• [Your assignment]: Under this line are the records; repeat exactly the lines starting at the one containing "Bu anlamlı mum" and ending at the one containing "En effet, Y", omitting pictures.

• [Information]:
Segment Open
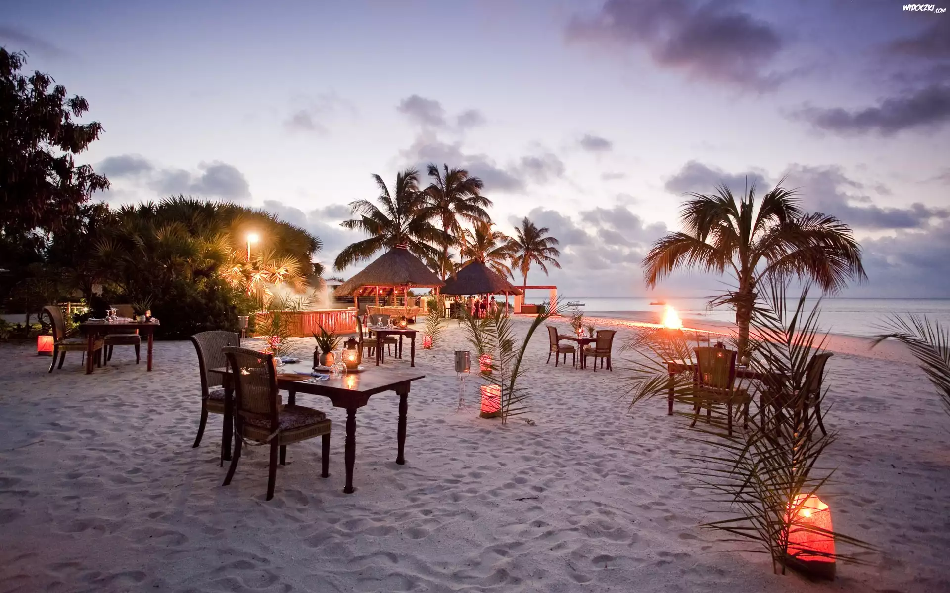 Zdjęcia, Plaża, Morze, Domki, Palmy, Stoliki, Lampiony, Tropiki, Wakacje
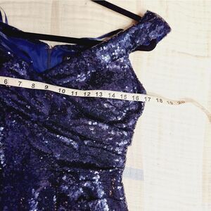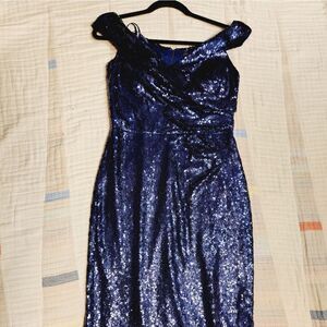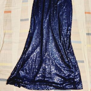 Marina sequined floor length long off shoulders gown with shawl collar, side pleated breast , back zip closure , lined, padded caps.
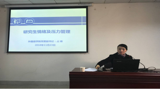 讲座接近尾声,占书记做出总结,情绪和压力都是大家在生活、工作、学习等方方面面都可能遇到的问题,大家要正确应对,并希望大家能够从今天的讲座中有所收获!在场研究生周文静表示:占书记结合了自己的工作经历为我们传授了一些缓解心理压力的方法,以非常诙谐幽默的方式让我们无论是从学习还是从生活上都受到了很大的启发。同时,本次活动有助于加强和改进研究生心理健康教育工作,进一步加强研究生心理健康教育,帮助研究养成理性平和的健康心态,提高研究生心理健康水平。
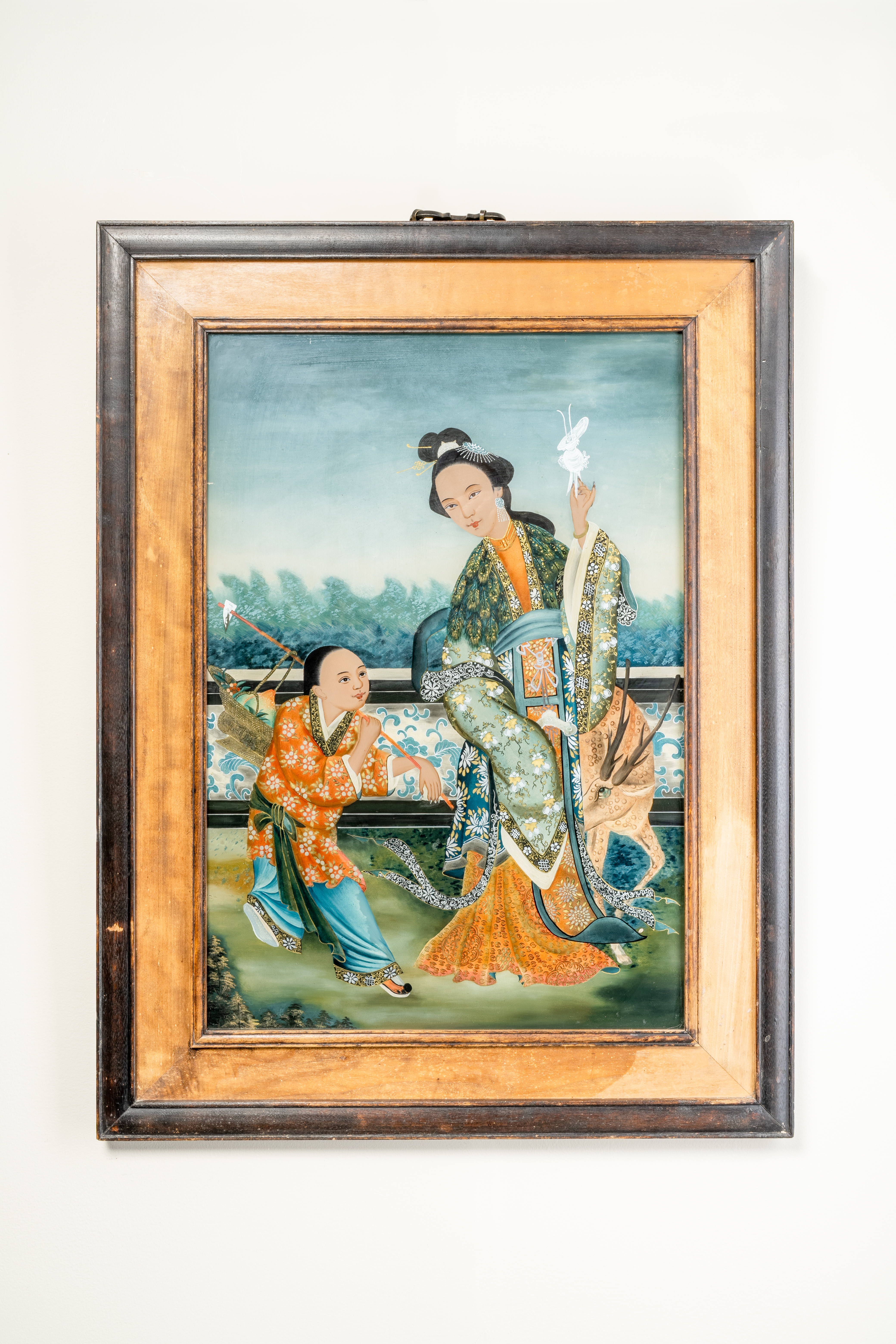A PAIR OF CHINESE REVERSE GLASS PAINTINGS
Segment Closed
Segment Open
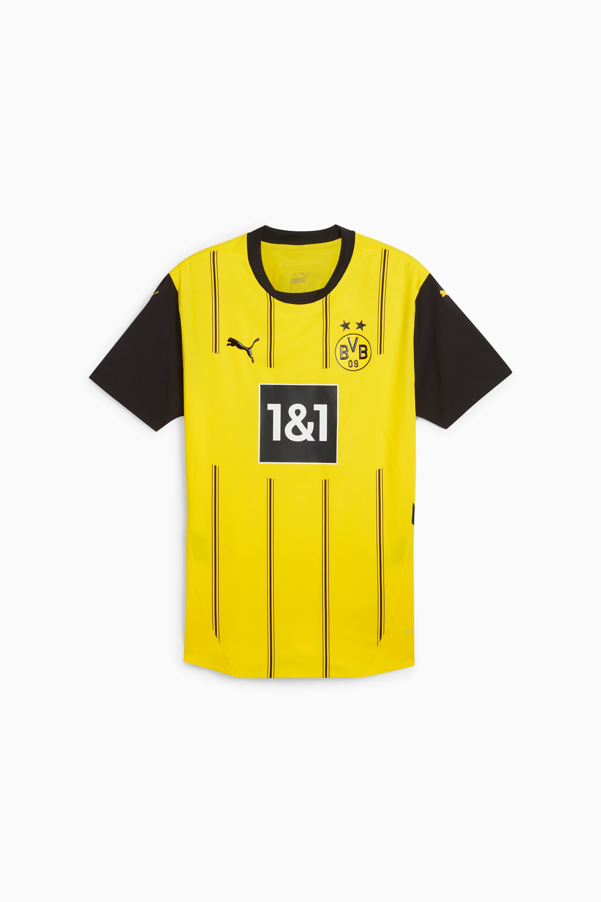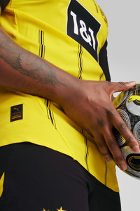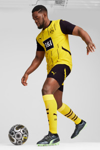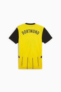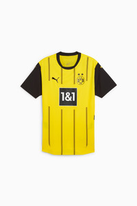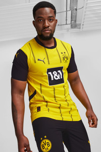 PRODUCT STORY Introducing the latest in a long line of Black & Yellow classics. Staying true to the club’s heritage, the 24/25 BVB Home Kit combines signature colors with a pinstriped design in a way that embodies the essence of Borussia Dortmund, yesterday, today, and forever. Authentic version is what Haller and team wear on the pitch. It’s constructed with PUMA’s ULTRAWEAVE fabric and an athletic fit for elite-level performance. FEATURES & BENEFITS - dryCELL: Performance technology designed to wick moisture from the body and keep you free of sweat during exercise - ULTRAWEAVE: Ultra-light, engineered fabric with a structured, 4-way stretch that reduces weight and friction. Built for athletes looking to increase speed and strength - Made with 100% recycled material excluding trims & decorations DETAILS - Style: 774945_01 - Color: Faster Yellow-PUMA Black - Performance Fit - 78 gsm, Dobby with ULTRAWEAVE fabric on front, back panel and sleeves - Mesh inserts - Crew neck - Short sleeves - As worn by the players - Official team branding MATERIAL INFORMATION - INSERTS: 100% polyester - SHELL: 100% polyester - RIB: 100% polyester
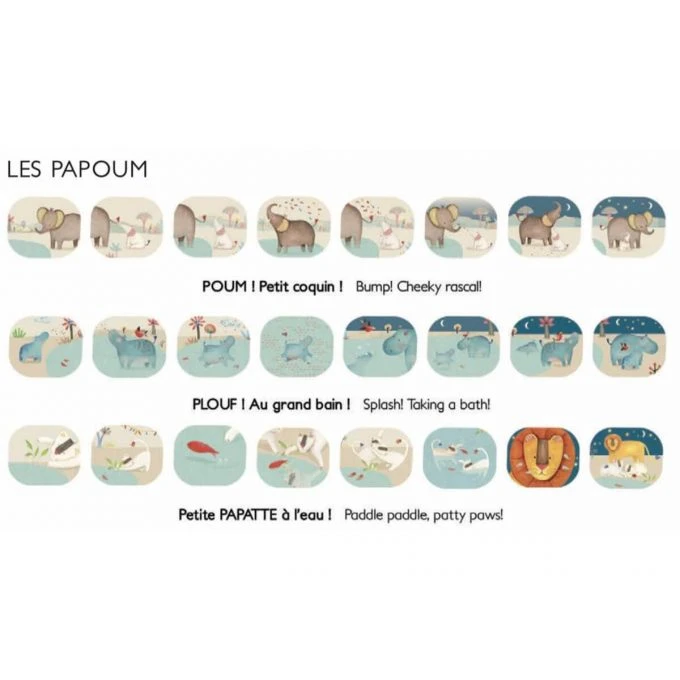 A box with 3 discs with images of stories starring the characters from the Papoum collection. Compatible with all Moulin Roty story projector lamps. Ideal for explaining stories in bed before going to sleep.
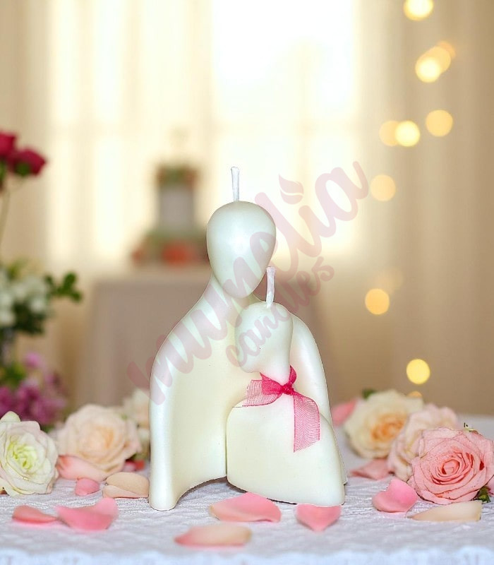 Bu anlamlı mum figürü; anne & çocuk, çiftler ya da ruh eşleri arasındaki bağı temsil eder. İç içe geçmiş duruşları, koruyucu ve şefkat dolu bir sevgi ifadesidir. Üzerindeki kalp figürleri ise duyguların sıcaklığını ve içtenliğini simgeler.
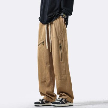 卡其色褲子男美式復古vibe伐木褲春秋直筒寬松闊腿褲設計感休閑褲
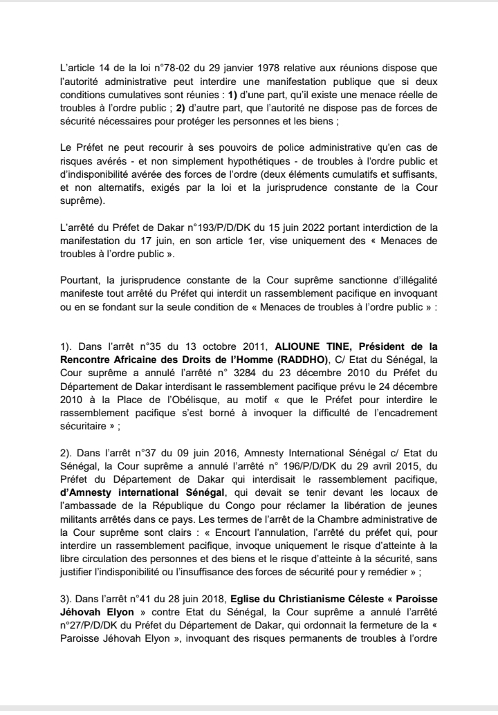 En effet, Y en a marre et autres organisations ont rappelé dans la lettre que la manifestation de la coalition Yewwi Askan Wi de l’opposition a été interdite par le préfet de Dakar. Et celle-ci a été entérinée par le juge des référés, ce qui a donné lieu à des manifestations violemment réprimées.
Segment Closed
• [Answer space]:
 Bu anlamlı mum figürü; anne & çocuk, çiftler ya da ruh eşleri arasındaki bağı temsil eder. İç içe geçmiş duruşları, koruyucu ve şefkat dolu bir sevgi ifadesidir. Üzerindeki kalp figürleri ise duyguların sıcaklığını ve içtenliğini simgeler.
 卡其色褲子男美式復古vibe伐木褲春秋直筒寬松闊腿褲設計感休閑褲
 En effet, Y en a marre et autres organisations ont rappelé dans la lettre que la manifestation de la coalition Yewwi Askan Wi de l’opposition a été interdite par le préfet de Dakar. Et celle-ci a été entérinée par le juge des référés, ce qui a donné lieu à des manifestations violemment réprimées.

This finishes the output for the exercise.